━━ Supplied material ━━
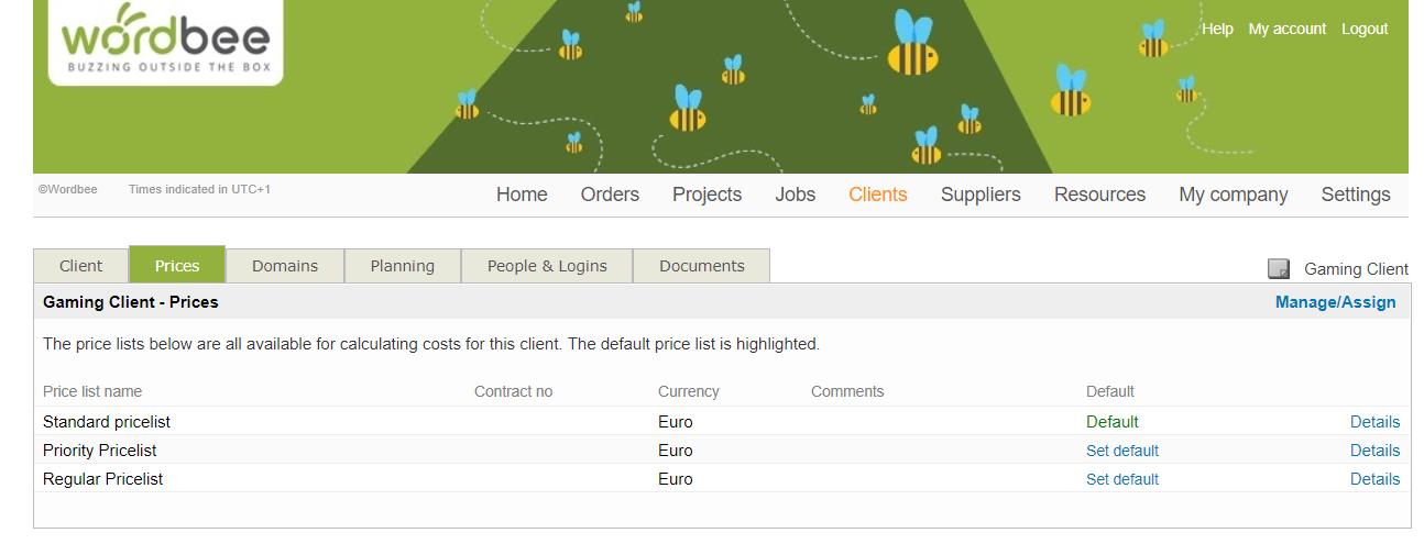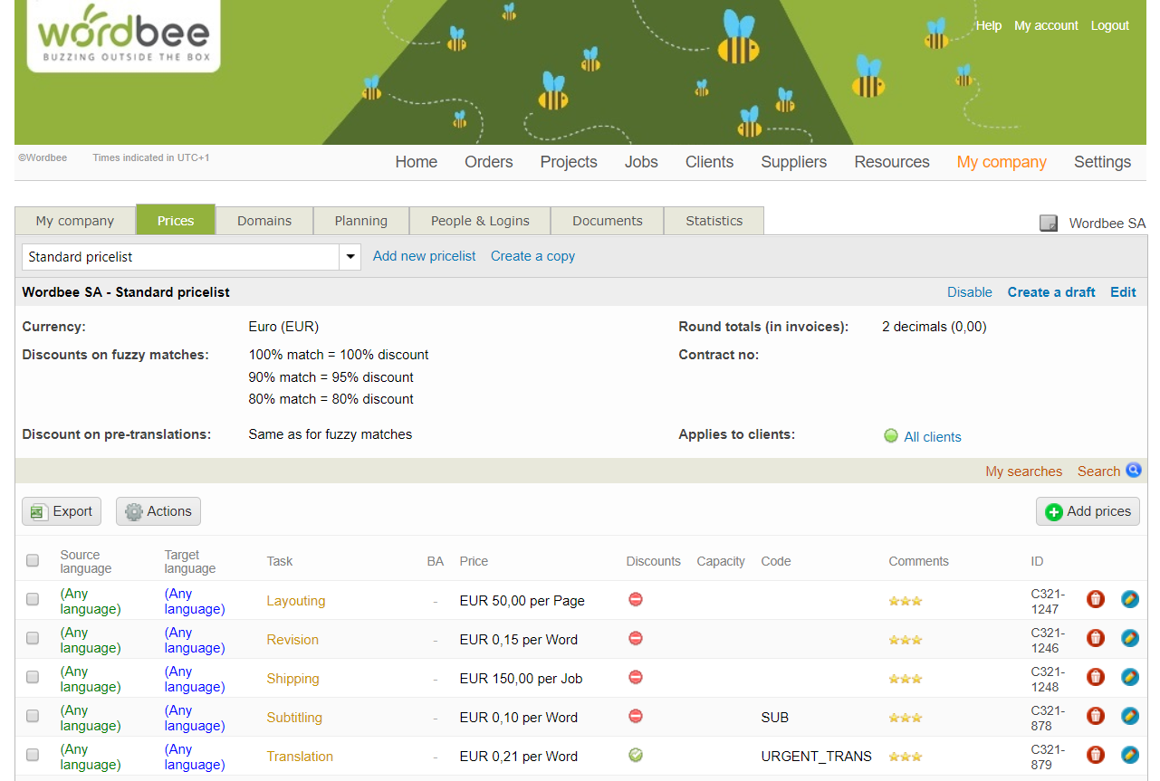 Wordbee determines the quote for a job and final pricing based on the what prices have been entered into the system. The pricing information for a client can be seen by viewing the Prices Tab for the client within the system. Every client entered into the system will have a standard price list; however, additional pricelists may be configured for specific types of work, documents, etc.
━━━
━━ Supplied material ━━
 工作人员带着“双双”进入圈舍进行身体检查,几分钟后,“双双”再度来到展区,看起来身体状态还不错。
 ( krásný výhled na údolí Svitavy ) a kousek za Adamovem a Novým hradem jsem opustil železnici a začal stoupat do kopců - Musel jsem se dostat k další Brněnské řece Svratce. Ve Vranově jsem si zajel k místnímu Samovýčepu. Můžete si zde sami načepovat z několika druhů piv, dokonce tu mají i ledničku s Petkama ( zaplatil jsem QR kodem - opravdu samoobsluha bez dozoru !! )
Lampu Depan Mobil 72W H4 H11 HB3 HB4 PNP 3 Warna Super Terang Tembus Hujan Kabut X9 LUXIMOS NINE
━━━
Copy back the listing above exactly, but only from the line with "( krásný výhled" through the line with "Lampu Depan Mobil", both ends included.

 ( krásný výhled na údolí Svitavy ) a kousek za Adamovem a Novým hradem jsem opustil železnici a začal stoupat do kopců - Musel jsem se dostat k další Brněnské řece Svratce. Ve Vranově jsem si zajel k místnímu Samovýčepu. Můžete si zde sami načepovat z několika druhů piv, dokonce tu mají i ledničku s Petkama ( zaplatil jsem QR kodem - opravdu samoobsluha bez dozoru !! )
Lampu Depan Mobil 72W H4 H11 HB3 HB4 PNP 3 Warna Super Terang Tembus Hujan Kabut X9 LUXIMOS NINE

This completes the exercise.